_Task brief_
Copy the final lines exactly, starting at the one that contains "A 3 különálló, szellőztetett" and ending with the last line of the listing below. Pictures are not part of the copy.

_Input material_
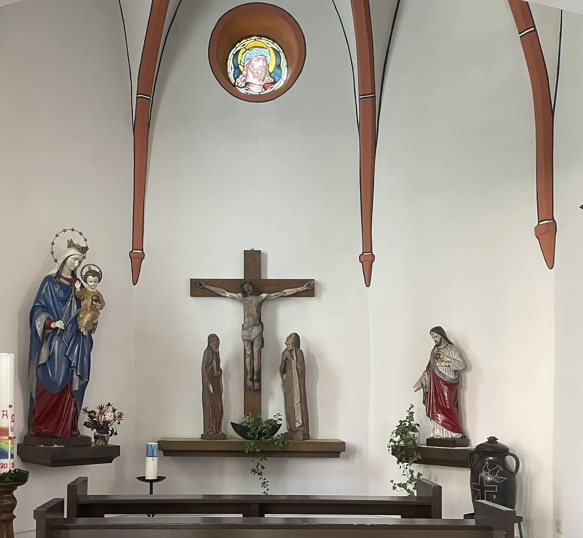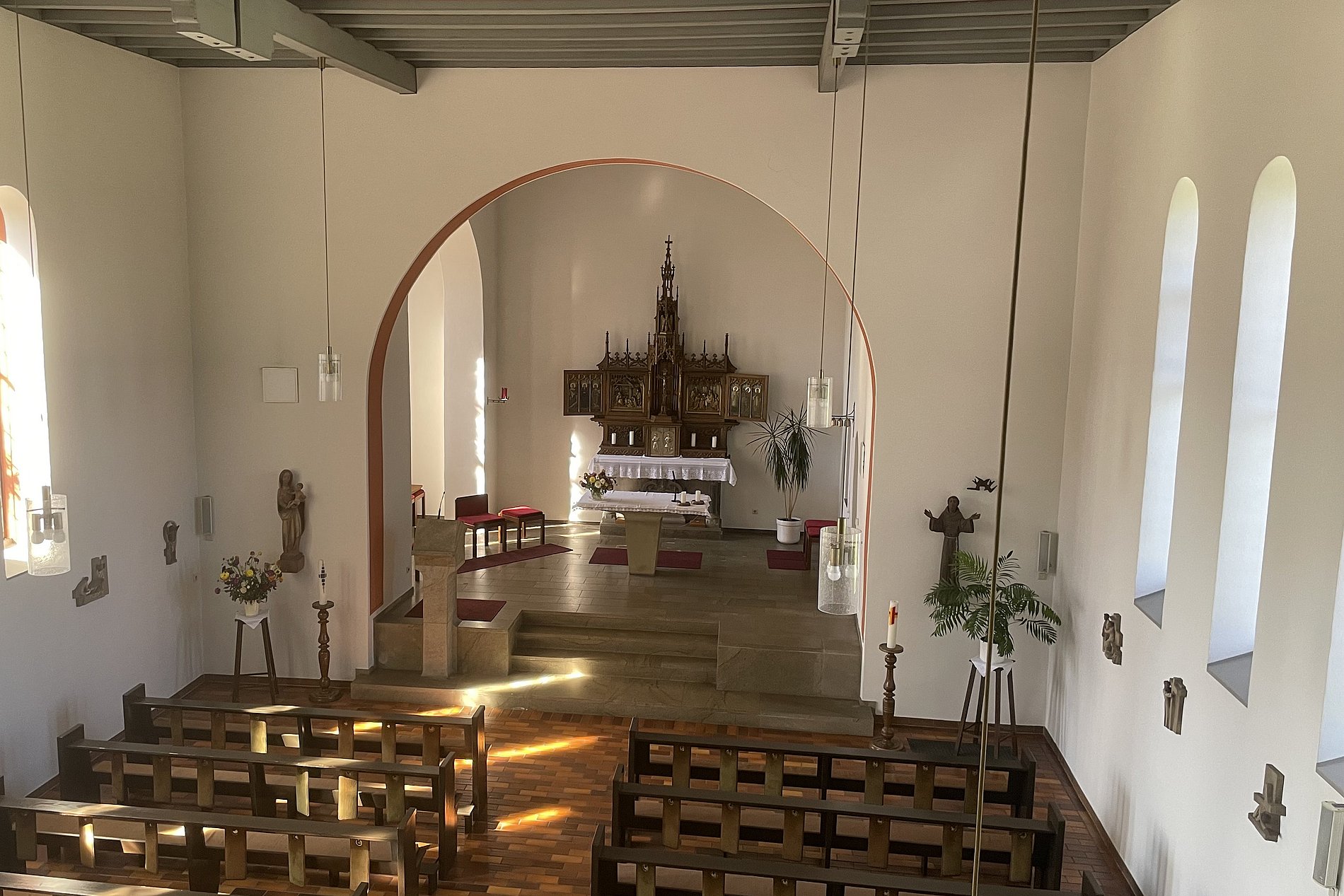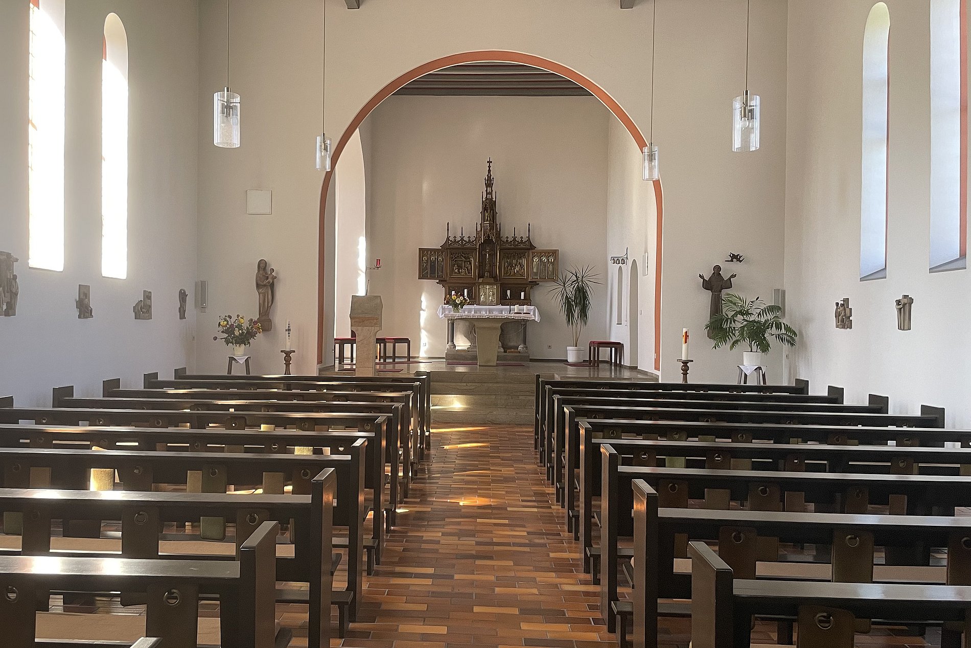 Besonderheiten: Marienfigur, eine Darstellung des heiligen Franz von Assisi, sowie Kreuzweg mit der 15.Station des Auferstandenen und eine Kreuzigungsgruppe von der Künstlerin Anneliese Degen aus Höhr-Grenzhausen.
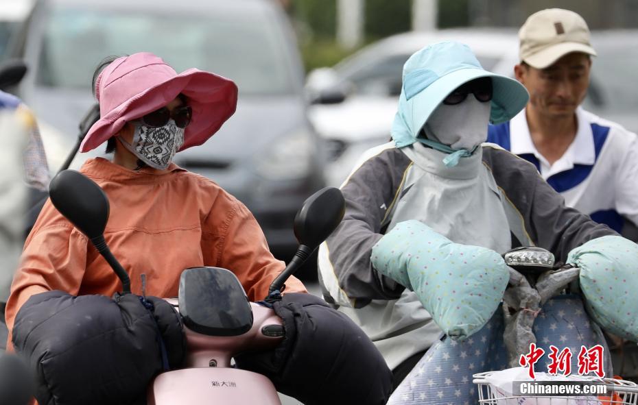 7月16日,南京街头两名市民“全副武装”骑车出行。当日,南京继续高温晴热天气。中新社记者 泱波 摄
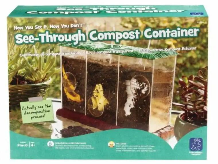 A 3 különálló, szellőztetett rekesz lehetővé teszi a gyerekek számára, hogy világosan megnézhessék a teljes lebomlási folyamatot, és összehasonlítsák egymást a különböző anyagok között. A mellékelt hőmérők demonstrálják a hőmérsékleti változásokat a bomlás során. Tartalma: átlátszó doboz műanyag műfüves tetővel, 3 rekesszel, szellőzőnyílásokkal nagy
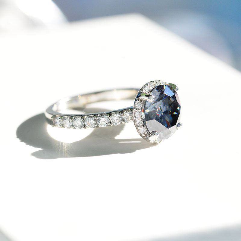 2 Carat Dark Gray - Blue Moissanite Round 8 mm VVS1 - Clarity, VG-Cut, Ex-Polish, VG-Symmetry Center Stone with 30 Colorless 0.4 CTW Moissanite (D-Colorless, VVS1clarity) Accent Stones 14K White Gold or Platinum Ring.
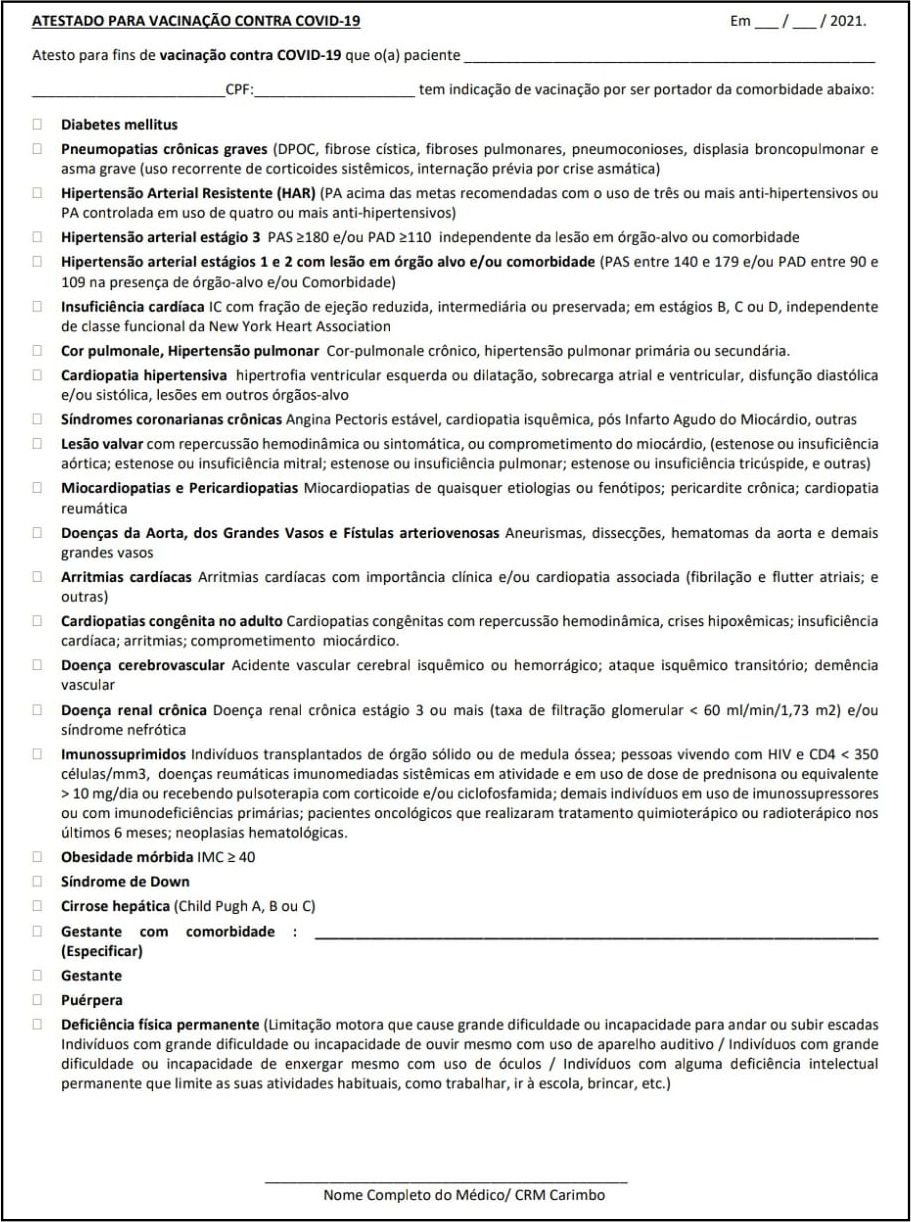 Já as situações que exijam um melhor detalhamento, como hipertensão arterial, por exemplo, que têm diferentes estágios de classificação, entre outras doenças em que o morador não tenha a documentação médica em mãos, os mesmos poderão se dirigir à UBS onde são atendidos e solicitar uma declaração médica (atestado) de que se enquadram em uma das comorbidades, dentro da atual faixa etária autorizada.

_Written response_
 A 3 különálló, szellőztetett rekesz lehetővé teszi a gyerekek számára, hogy világosan megnézhessék a teljes lebomlási folyamatot, és összehasonlítsák egymást a különböző anyagok között. A mellékelt hőmérők demonstrálják a hőmérsékleti változásokat a bomlás során. Tartalma: átlátszó doboz műanyag műfüves tetővel, 3 rekesszel, szellőzőnyílásokkal nagy
 2 Carat Dark Gray - Blue Moissanite Round 8 mm VVS1 - Clarity, VG-Cut, Ex-Polish, VG-Symmetry Center Stone with 30 Colorless 0.4 CTW Moissanite (D-Colorless, VVS1clarity) Accent Stones 14K White Gold or Platinum Ring.
 Já as situações que exijam um melhor detalhamento, como hipertensão arterial, por exemplo, que têm diferentes estágios de classificação, entre outras doenças em que o morador não tenha a documentação médica em mãos, os mesmos poderão se dirigir à UBS onde são atendidos e solicitar uma declaração médica (atestado) de que se enquadram em uma das comorbidades, dentro da atual faixa etária autorizada.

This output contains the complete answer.